4 Analysis and discussion

After implementing the personalization strategy on the platform, we result with a total of 181 participants (44 new participants) that completed 4721 annotations (1312 new annotations) of 691 music excerpts (470 still require annotations). Given past research on the impact of language on music emotion annotation (Gómez-Cañón et al., 2020), we gathered information on the birth place, native language and second languages. 85% of our participants were born in Europe, 8% in America (6% in South America and 2% in North America), and 6% in Asia. The main native languages from our participants were Spanish (32.7%) and Català (34.9%), followed up by Romanian, Dutch, English, Croatian, Ukranian, Greek, Italian, French, Chinese, Russian, Galician, Turkish, Portuguese, Korean, German, Serbian, Japanese, Swedish, and Arabic (≤ 3%). The main second languages were English (45.4%), Spanish (21.4%), Català (11.4%), French (8.7%), followed up by German, Italian, Basque, Dutch, Russian, Chinese, Polish, Hungarian, Bosnian, Vietnamese, Galician, and Arabic (≤ 2%).

4.1 Inter-rater agreement

Following (Schedl et al., 2018; Gómez-Cañón et al., 2020), we assessed the agreement of participants using reliability statistics with respect to self-reported characteristics of annotations (i.e., preference and familiarity) and music properties retrieved from Spotify (i.e., mode, tempo, danceability, acousticness, and popularity) (Krippendorff, 2004). Among other agreement indexes considered, the benefits of using Krippendorff’s α are: offering several types of metric (in this case, nominal since annotations are categorical), handling of missing data and any number of observers, and not requiring a minimum of sample size. When there is no disagreement among annotators, there is perfect reliability (α = 1). Conversely, if agreement and disagreement are due to chance, there is a lack of reliability of the data (α = 0). However, α could be smaller than zero if agreement is below what is expected by chance or the sample size is too small. According to Krippendorff (2004), data with 0.4 ≤ α ≤ 0.67 shows fair agreement and α ≥ 0.8 is considered to have good agreement.

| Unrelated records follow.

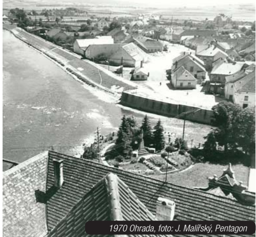
1970 Ohrada, foto: J. Malířský, Pentagon

„Jelikož sbírám věci kolem historie Strakonice a okolí 39 let, nahromadil jsem tolik věcí, že je těžké určit, kdo z nás je přesně dělal. Snímky od
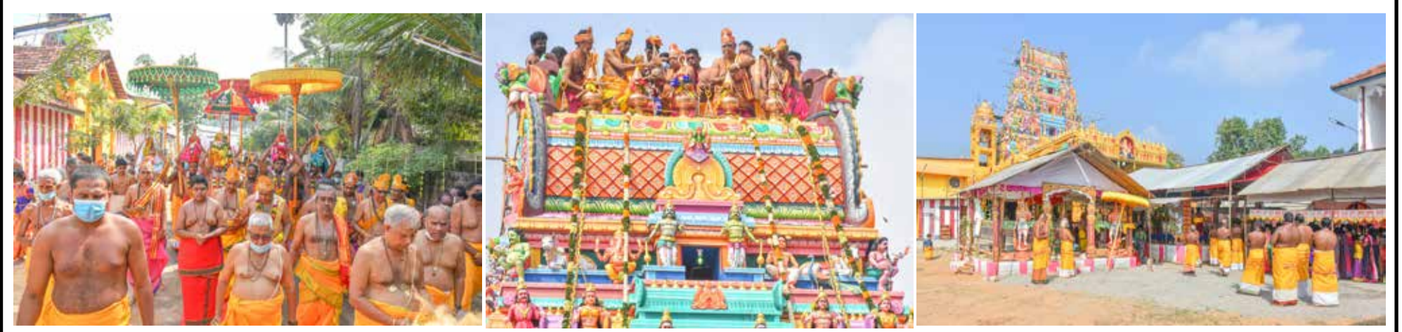
யாழ்ப்பாணம் நல்லூர் வடக்கு அருள்மிகு ஸ்ரீ சந்திரசேகரப் பிள்ளையார் ஆலயத்தின் மகாகும்பாபிஷேகமும், புதிதாக நிர்மாணிக்கப்பட்ட பஞ்சதள இராஜகோபுர கும்பாபிஷேகமும் நேற்று முன்தினம் காலை பக்தி பூர்வமாக இடம்பெற்றது.

யடிப் பகுதியிலுள்ள வர்த்தகர்கள், ஓட்டோச் சாரதிகள், அந்தப் பகுதியால் பயணத்தில் ஈடுபடும் மக்கள் என பலராலும் வழிபடப்பட்டு வந்த பிள்ளையார் சிலையே மாயமாகியுள்ளது. இனத்தெரியாத நபர்கள் குறித்த சிலையை அங்கிருந்து அகற்றியுள்ளனர் என தெரிவிக்கப்பட்டது. (அ)
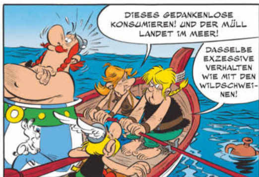
Extrait de l'album La Fille de Vercingétorix
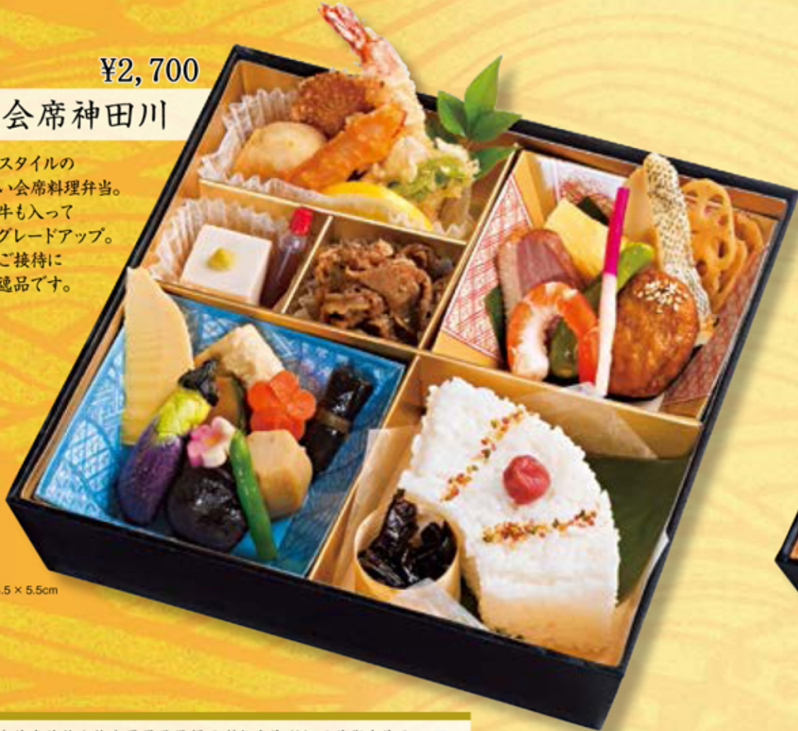
24.5 × 24.5 × 5.5cm

大切なお客様のおもてなしにお勧めしたい、お弁当の最高峰。吟味した自慢の料理を、華やかに盛り込みました。
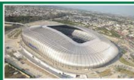
Guadalajara / Estadio Akron Capacidad: 46.355
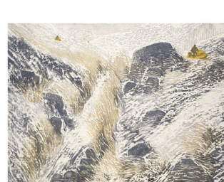
Les régions du Québec ont un rendez-vous avec elles-mêmes
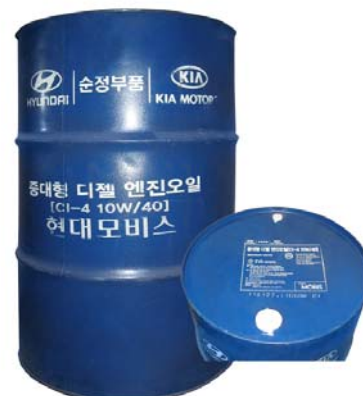
200 л - 05200-48CA0
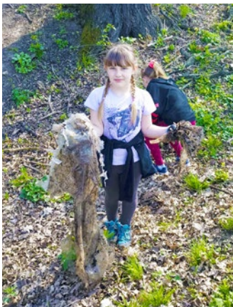
Malá brigádníčka vo Vyšnej Myšli

Tento medzinárodný deň si v rámci úlohy v Recyklohrách pripomenuli aj v ZŠ Ždaňa. Pozbierali smeti a vyčistili chodník medzi Ždaňou a Čaňou, aj príľahlé okolie. Túto trasu využívajú chodci i cyklisti denne, nazbierajú

We report our inter-rater agreement results in Table 1. Although annotation properties (i.e., preference and familiarity) depend on the users’ annotations, we attempted to split the dataset into a balanced number of annotations with respect to musical properties. Hence, the bounds to split the annotations with respect to properties of tempo, danceability, acousticness, and popularity were selected accordingly. In general, our results are consistent with findings from (Lange & Frieler, 2018; Gómez-Cañón et al., 2020): only arousal annotations have a fair agreement according to Krippendorff (2004), which justifies the creation of personalized models for MER – although we only use four quadrants to describe emotion, subjectivity plays a major role in the creation of a possible “ground truth” to machine learning algorithms for MER. We also remark the following findings, with respect to other comparisons on the table: (1) participants that reported disliking and being familiar with the music show higher agreement for arousal-valence annotations, while the opposite happens for emotion words – we observe that negative preference and familiarity could result in basing judgments on musical properties (i.e., arousal-valence), but preference and negative familiarity relate more to induced emotions (i.e., emotion words – see Section 4.2); (2) although higher agreement for arousal is reached over songs with minor tonality, higher agreement for quadrants, valence, and emotion words is reached for major tonality – it is likely that the annotated excerpts are not necessarily in the same mode as the one calculated by Spotify’s algorithms (which produce song-level predictions); (3) excerpts with tempo over 100 BPM, high danceability, low acousticness and not popular show higher agreement – these are song-level features from Spotify and it is likely that their algorithms are mainly trained on Western music, which do not completely capture the variability of music from Africa, Latin America, and the Middle East.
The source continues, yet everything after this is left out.